Avoid Unknown UNION Branch and send avro data using Kafka avro console producer

Abhishek Giri
DataPebbles
Published in
5 min readApr 10, 2024

In this blog, we will talk about schema registry using Avro schema and how we can produce Avro data using console producer and solve the common issue we face while doing this which is “Unknown Union Branch”.

What is the Unknown Union branch?

In Apache Avro, the “unknown union” branch refers to a specific type of schema that can be used in Avro schemas. Avro supports complex data types, including unions, which allow you to define a field that can contain values of multiple different types. In a typical Avro schema, a union is defined by specifying multiple types within square brackets, like [“null”,”Int”].

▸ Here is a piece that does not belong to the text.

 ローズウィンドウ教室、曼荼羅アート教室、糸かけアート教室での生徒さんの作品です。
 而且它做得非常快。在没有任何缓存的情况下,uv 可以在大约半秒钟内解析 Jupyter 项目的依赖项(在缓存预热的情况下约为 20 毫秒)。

This defines a union that can contain either a null value or a string value. However, sometimes it’s necessary to handle data where the actual type may not match any of the specified types in the union. In such cases, Avro provides a mechanism to include an “unknown” branch within the union. This allows data that doesn’t match any specified type to still be handled gracefully.

Messages being written to and consumed from a topic are being sent as byte arrays. By applying a schema it ensures that the message written to a topic by a producer can be read and understood by a consumer of the topic.

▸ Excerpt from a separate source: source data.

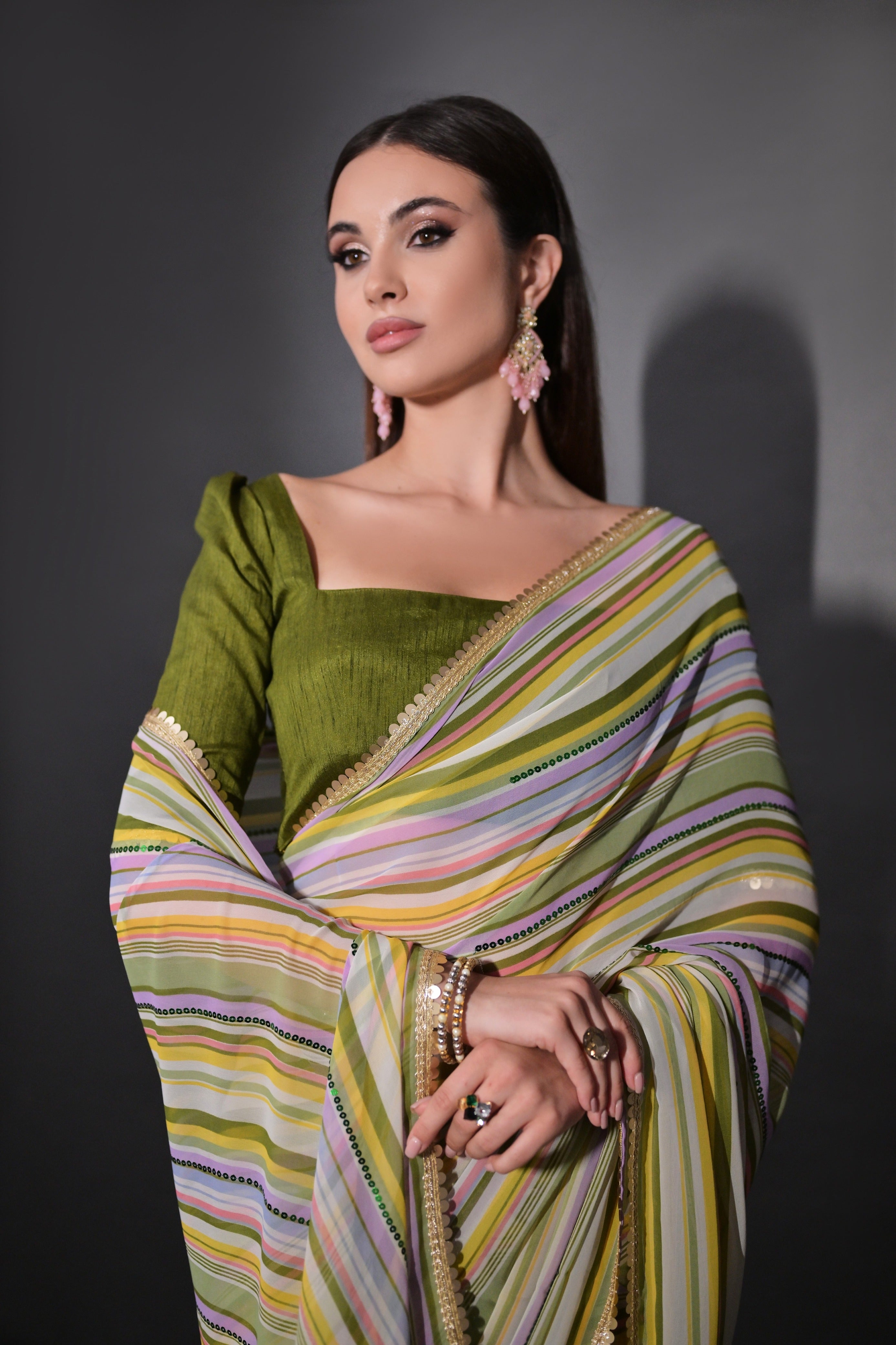 Multicolor Pastel Striped Saree with Subtle Gold Border Elegant Daily & Festive Wear
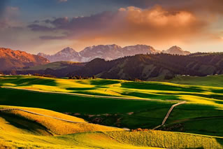 江布拉克是哈薩克語,意為圣水之源。她集結(jié)了天山之靈氣,并融入諸多美麗的傳說。在這里,遠(yuǎn)山近水相映,林海雪峰交融,綠波花海如潮,一派圣潔的自然風(fēng)光。美麗的江布拉克,以其秀美迷人,如詩如夢的花海子,明靜清幽的黑澇壩,世界之最的天山怪坡,以及阡陌縱橫的田園風(fēng)光吸引著眾多游人的目光。
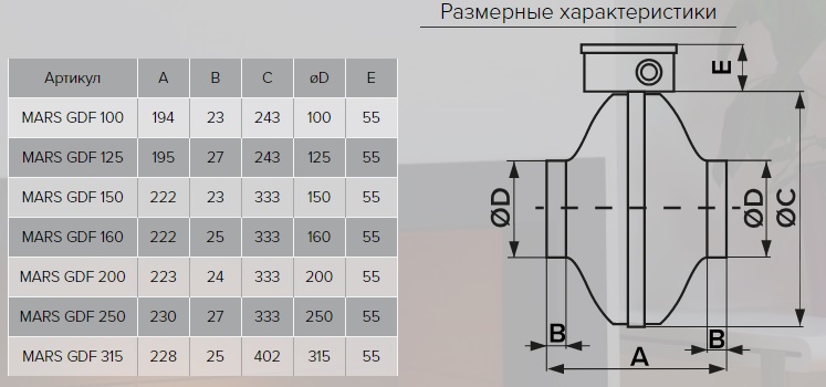 Вентиляторы c диаметром патрубка 100 мм., 125 мм., 150 мм., 160 мм., 200 мм. оснащены рабочим колесом с пластиковыми лопатками. Вентиляторы с диаметром патрубка 250 мм., 315 мм. оснащены рабочим колесом с металлическими лопатками.

Due to the decoupled nature of Kafka, producers and consumers do not communicate with each other directly, but rather information transfer via Kafka topic. At the same time, the consumer still needs to know the type of data the producer is sending to deserialize it. If the producer starts sending bad data to Kafka or if the data type of your data gets violated then your downstream consumers will start breaking. We need a way to have a common data type that must be agreed upon.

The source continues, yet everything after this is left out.